- WORK TO BE COMPLETED -
Begin at the line containing "前面这句话来自赵长江回复网友" in the records below, end at the line containing "今年是阿富汗留学生马云第二次", and retype each line in that span exactly. No other line and no image should appear.

(Stored entries)
_____
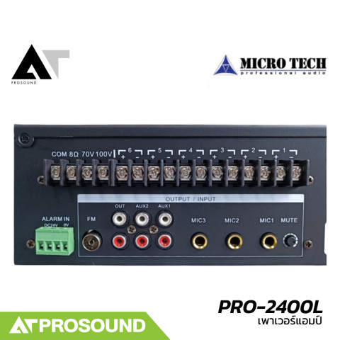 MICROTECH PRO-2400L เพาเวอร์แอมป์มีแมทชิ่งไลน์ แยกได้ 6 โซน กำลังขับ 240 วัตต์ จาก AT Prosound ออกแบบมาเพื่อระบบเสียงประกาศและเสียงตามสายโดยเฉพาะ รองรับทั้งระบบ 70/100V สำหรับเดินไลน์ไกล และโหมด 8Ω สำหรับลำโพงทั่วไป ช่วยให้คุณควบคุมเสียงแต่ละพื้นที่ได้อย่างเป็นอิสระ เหมาะกับสถานที่ที่ต้องการความชัดเจนและความเสถียรของเสียงตลอดวัน
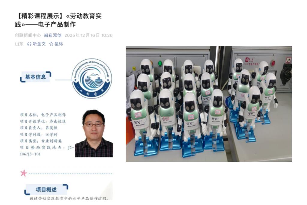 2.强化典型示范引领:学校深入挖掘并推广劳动育人先进经验与典型事迹,20项实践成果入选《山东省高校劳动教育实践项目典型案例汇编》,学校主编的《新时代大学生劳动教育》被推荐参加省遴选的普通高等教育本科国家级规划教材;校内评选劳动教育“精彩课程”20项、劳动实践推广项目11项,形成了从省级到校级、从项目到课程多维度可示范、可辐射的品牌集群。
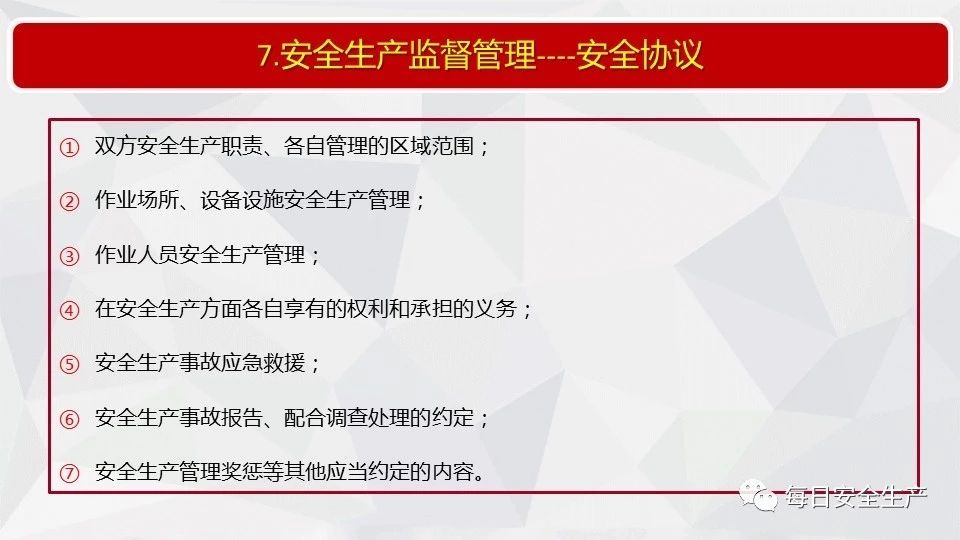 27 | 生產(chǎn)經(jīng)營(yíng)單位未與承包單位、承租單位簽訂專門的安全生產(chǎn)管理協(xié)議或者未在承包合同、租賃合同中明確各自的安全生產(chǎn)管理職責(zé),或者未對(duì)承包單位、承租單位的安全生產(chǎn)統(tǒng)一協(xié)調(diào)、管理的 |
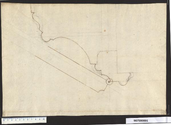 - NOTIZIE STORICO CRITICHE Si tratta di un disegno di dettaglio relativo a un serramento e in particolare del punto in cui l'anta è incernierata allo stipite. La modanatura piuttosto elaborata dello stipite induce a pensare che si tratti di una porta per un locale di rappresentanza o comunque importante. Potrebbe essere associato alla sagoma per porte dell'ultima camera parata (Milano, Collezione Sardini Martinelli inv. 9,68a).
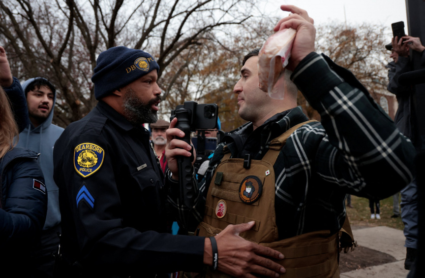 Jake Lang attempts to burn a Quran in Dearborn, a man takes the Quran before he could do so pic.twitter.com/18YKgYAHsM
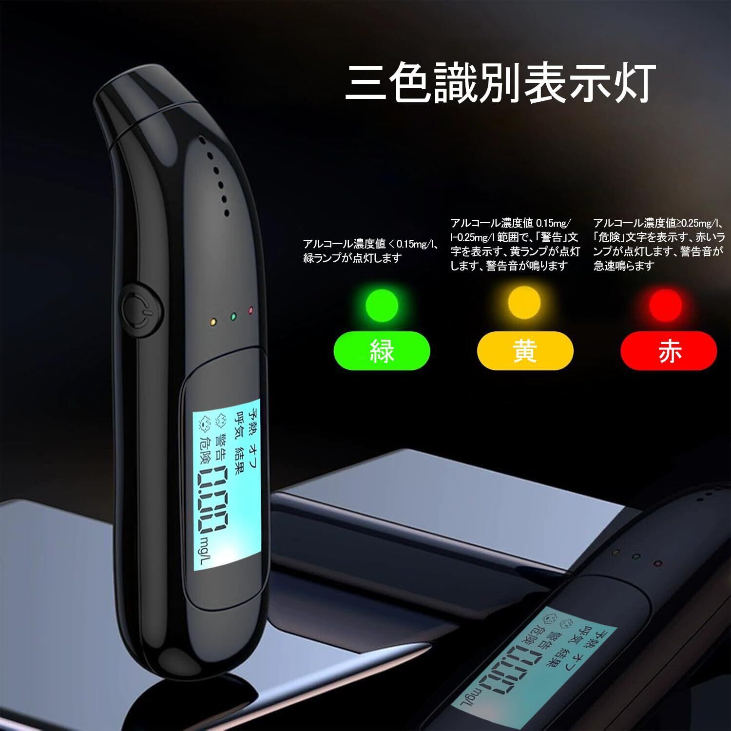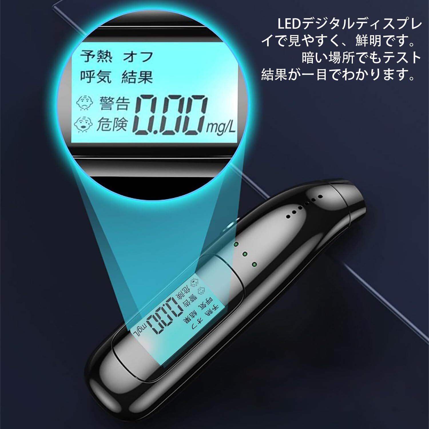 このアルコールチェッカーは、呼気中のアルコール濃度を迅速かつ正確に測定する非接触式のデザインです。飲酒運転防止のために、個人用から業務用まで幅広く対応します。大切な会議や自動車運転前の自分の状態をしっかり確認できます!
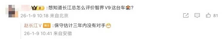 前面这句话来自赵长江回复网友的原话,赵长江如今的身份是智界汽车执行董事及执行副总裁,所说的车型就是智界V9。
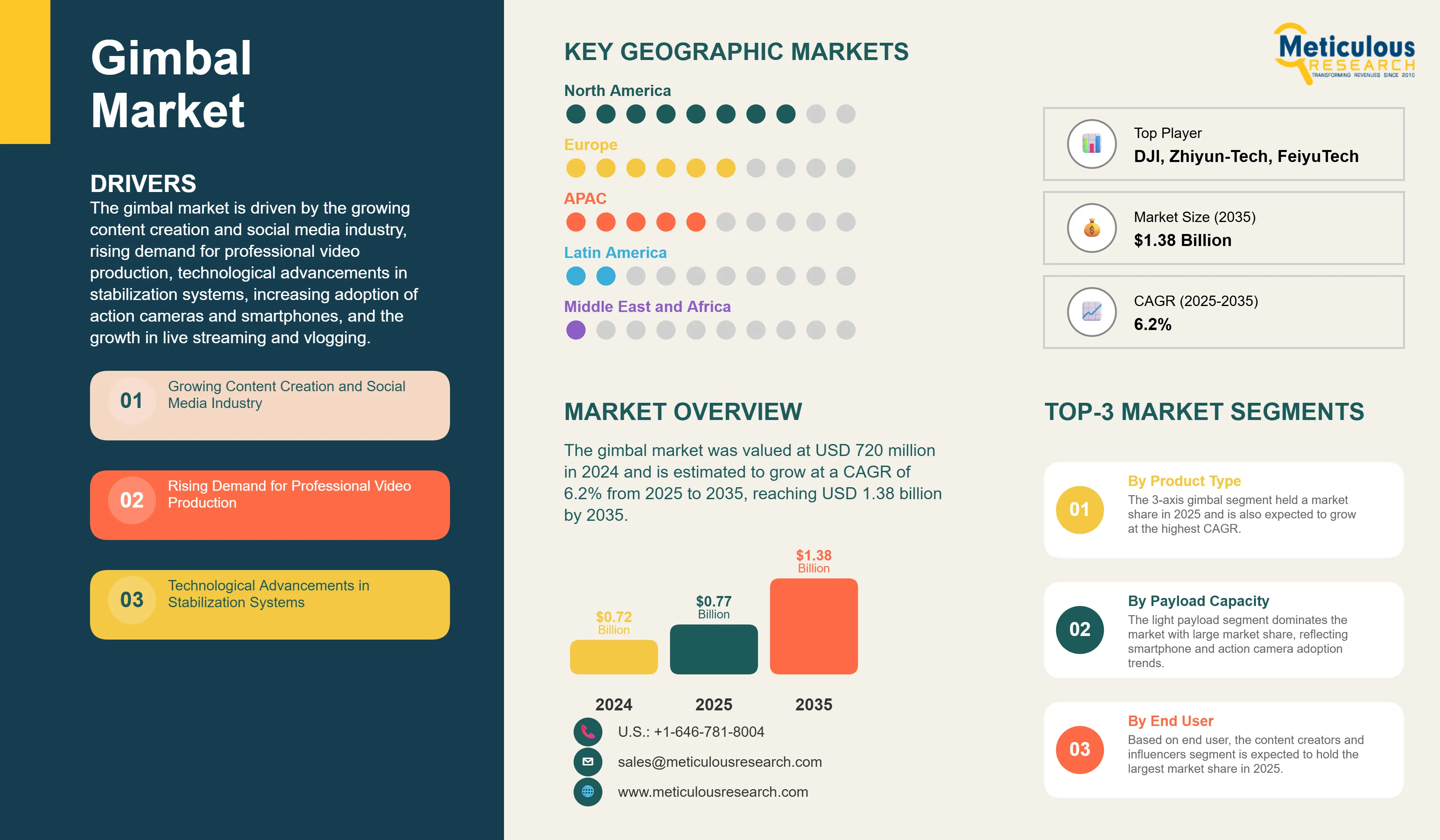 Gimbal Market: Size & Forecast by Type (3-Axis, Smart Gimbals), End User (Content Creators, Mobile Filmmakers) & Region - Global Forecast and Analysis to 2035
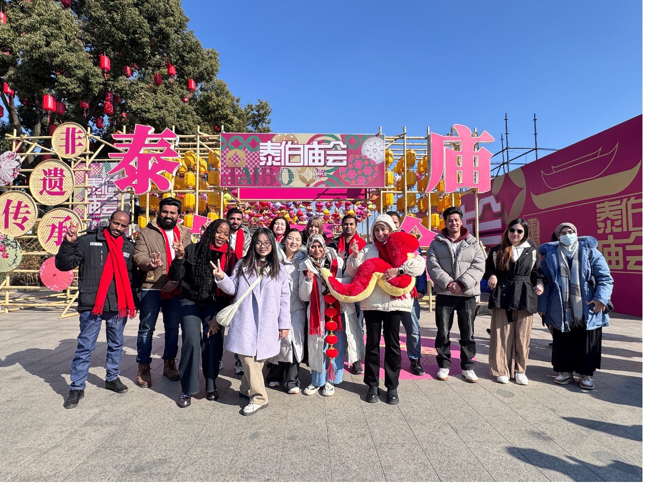 今年是阿富汗留学生马云第二次在无锡过春节,他说:“无锡这座城市的人文气息和自然风光都让我深深着迷,所以我选择留在无锡过年。学校组织的写春联、做花灯等新年活动特别棒,让我感受了中国的年味,结识了很多新朋友,在异国他乡感受到家的温暖。”埃及留学生莎莎是工商管理专业新生,她说:“来中国5个月,一直想感受中国文化,尤其春节。今天如愿啦,看到很多有特色的活动。感觉到中国人的友善,都热情欢迎打招呼,让我更爱中国、更爱中国人啦!”食品学院的巴基斯坦博士留学生睿泽说:“泰伯庙会是充满无锡传统历史和文化交融的活动,是一次充满了鲜艳色彩、丰富传统和节日气氛的迷人体验。让我有机会与当地人互动,了解无锡的历史,并沉浸在中国文化历史遗产中。”
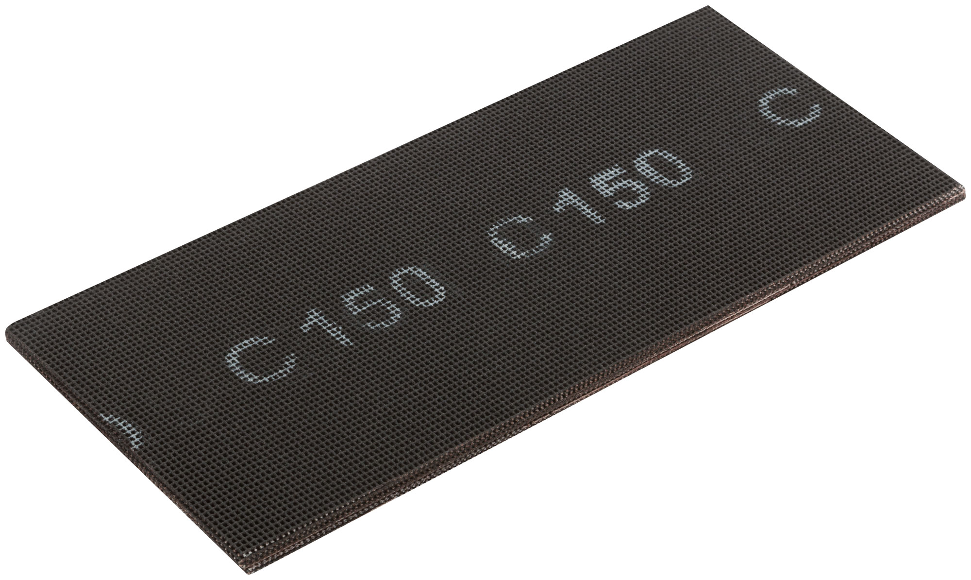 Сетки изготовлены из нейлона с карбид-кремниевым абразивом, что обеспечивает их прочность и долговечность. Сетчатая структура изделия предотвращает забивание ячеек продуктами обработки, что делает процесс шлифования более гладким и быстрым.
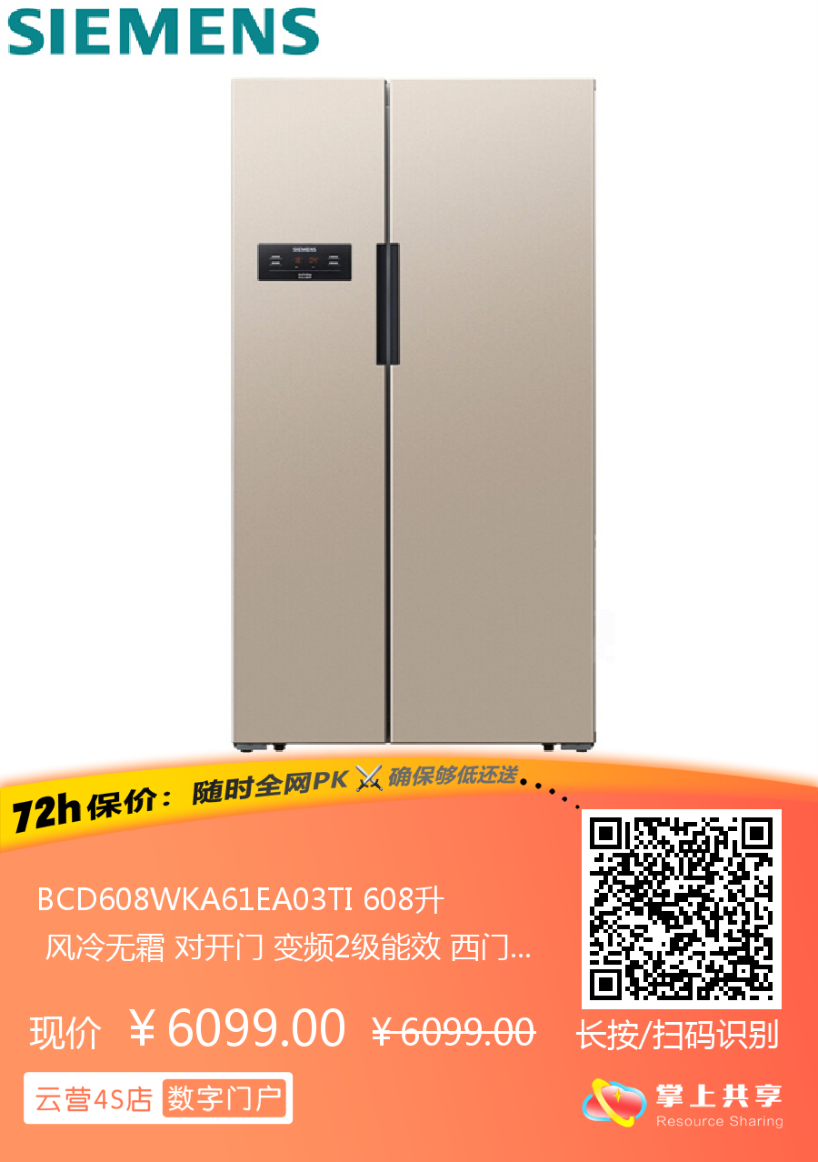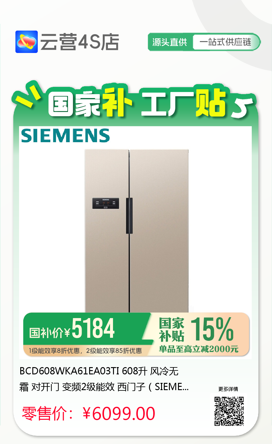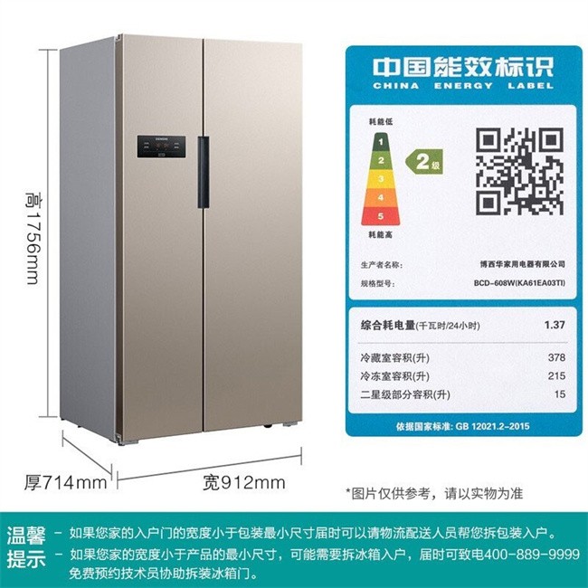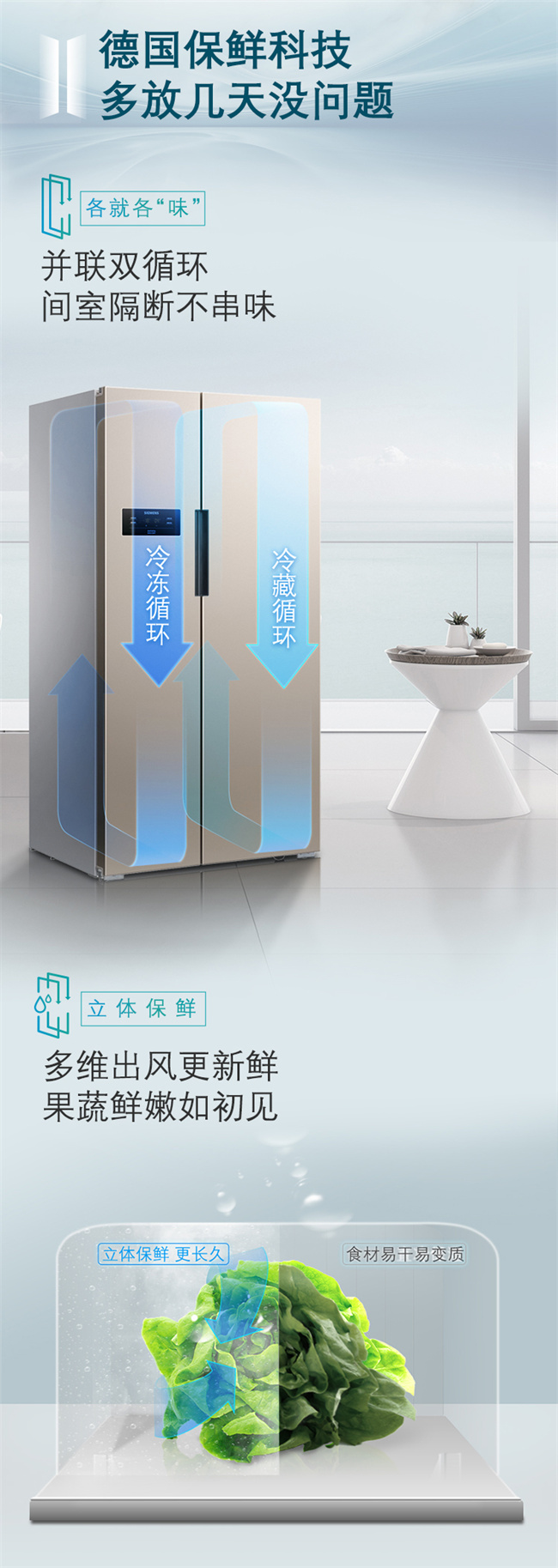 BCD608WKA61EA03TI 608升 风冷无霜 对开门 变频2级能效 西门子(SIEMENS)
_____
- SOLUTION FOR THIS TASK -
 前面这句话来自赵长江回复网友的原话,赵长江如今的身份是智界汽车执行董事及执行副总裁,所说的车型就是智界V9。
 Gimbal Market: Size & Forecast by Type (3-Axis, Smart Gimbals), End User (Content Creators, Mobile Filmmakers) & Region - Global Forecast and Analysis to 2035
 今年是阿富汗留学生马云第二次在无锡过春节,他说:“无锡这座城市的人文气息和自然风光都让我深深着迷,所以我选择留在无锡过年。学校组织的写春联、做花灯等新年活动特别棒,让我感受了中国的年味,结识了很多新朋友,在异国他乡感受到家的温暖。”埃及留学生莎莎是工商管理专业新生,她说:“来中国5个月,一直想感受中国文化,尤其春节。今天如愿啦,看到很多有特色的活动。感觉到中国人的友善,都热情欢迎打招呼,让我更爱中国、更爱中国人啦!”食品学院的巴基斯坦博士留学生睿泽说:“泰伯庙会是充满无锡传统历史和文化交融的活动,是一次充满了鲜艳色彩、丰富传统和节日气氛的迷人体验。让我有机会与当地人互动,了解无锡的历史,并沉浸在中国文化历史遗产中。”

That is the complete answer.